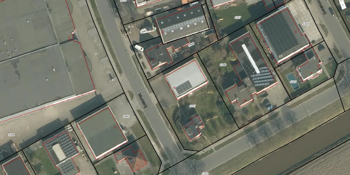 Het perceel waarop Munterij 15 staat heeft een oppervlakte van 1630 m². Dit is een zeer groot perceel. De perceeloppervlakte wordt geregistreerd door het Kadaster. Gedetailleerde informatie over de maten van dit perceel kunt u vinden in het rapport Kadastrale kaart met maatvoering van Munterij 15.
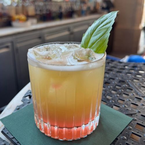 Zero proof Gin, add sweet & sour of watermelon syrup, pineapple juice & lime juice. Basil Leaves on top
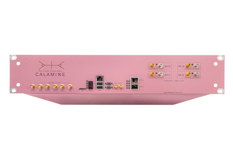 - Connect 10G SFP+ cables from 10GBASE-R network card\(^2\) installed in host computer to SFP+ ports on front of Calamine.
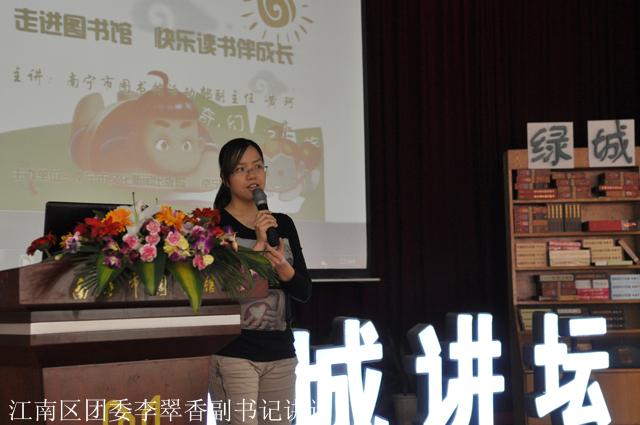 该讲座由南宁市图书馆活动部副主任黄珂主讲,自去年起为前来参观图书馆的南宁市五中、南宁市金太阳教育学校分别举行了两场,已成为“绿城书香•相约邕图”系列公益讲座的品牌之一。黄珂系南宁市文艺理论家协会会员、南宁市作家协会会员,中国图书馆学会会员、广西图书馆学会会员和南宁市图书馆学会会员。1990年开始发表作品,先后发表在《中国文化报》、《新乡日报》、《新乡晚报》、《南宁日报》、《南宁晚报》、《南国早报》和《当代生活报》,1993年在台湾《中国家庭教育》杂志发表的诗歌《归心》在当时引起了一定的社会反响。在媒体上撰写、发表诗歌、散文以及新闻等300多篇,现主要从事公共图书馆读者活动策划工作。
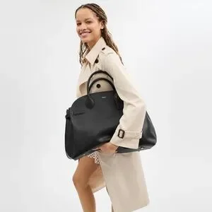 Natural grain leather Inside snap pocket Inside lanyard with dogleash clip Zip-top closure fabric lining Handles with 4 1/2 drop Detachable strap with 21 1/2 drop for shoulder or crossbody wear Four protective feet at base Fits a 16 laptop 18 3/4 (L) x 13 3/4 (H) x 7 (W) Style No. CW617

◆ **Directions**: Reproduce the records exactly, images excluded.

◆ **Response for this exercise**:
 Het perceel waarop Munterij 15 staat heeft een oppervlakte van 1630 m². Dit is een zeer groot perceel. De perceeloppervlakte wordt geregistreerd door het Kadaster. Gedetailleerde informatie over de maten van dit perceel kunt u vinden in het rapport Kadastrale kaart met maatvoering van Munterij 15.
 Zero proof Gin, add sweet & sour of watermelon syrup, pineapple juice & lime juice. Basil Leaves on top
 - Connect 10G SFP+ cables from 10GBASE-R network card\(^2\) installed in host computer to SFP+ ports on front of Calamine.
 该讲座由南宁市图书馆活动部副主任黄珂主讲,自去年起为前来参观图书馆的南宁市五中、南宁市金太阳教育学校分别举行了两场,已成为“绿城书香•相约邕图”系列公益讲座的品牌之一。黄珂系南宁市文艺理论家协会会员、南宁市作家协会会员,中国图书馆学会会员、广西图书馆学会会员和南宁市图书馆学会会员。1990年开始发表作品,先后发表在《中国文化报》、《新乡日报》、《新乡晚报》、《南宁日报》、《南宁晚报》、《南国早报》和《当代生活报》,1993年在台湾《中国家庭教育》杂志发表的诗歌《归心》在当时引起了一定的社会反响。在媒体上撰写、发表诗歌、散文以及新闻等300多篇,现主要从事公共图书馆读者活动策划工作。
 Natural grain leather Inside snap pocket Inside lanyard with dogleash clip Zip-top closure fabric lining Handles with 4 1/2 drop Detachable strap with 21 1/2 drop for shoulder or crossbody wear Four protective feet at base Fits a 16 laptop 18 3/4 (L) x 13 3/4 (H) x 7 (W) Style No. CW617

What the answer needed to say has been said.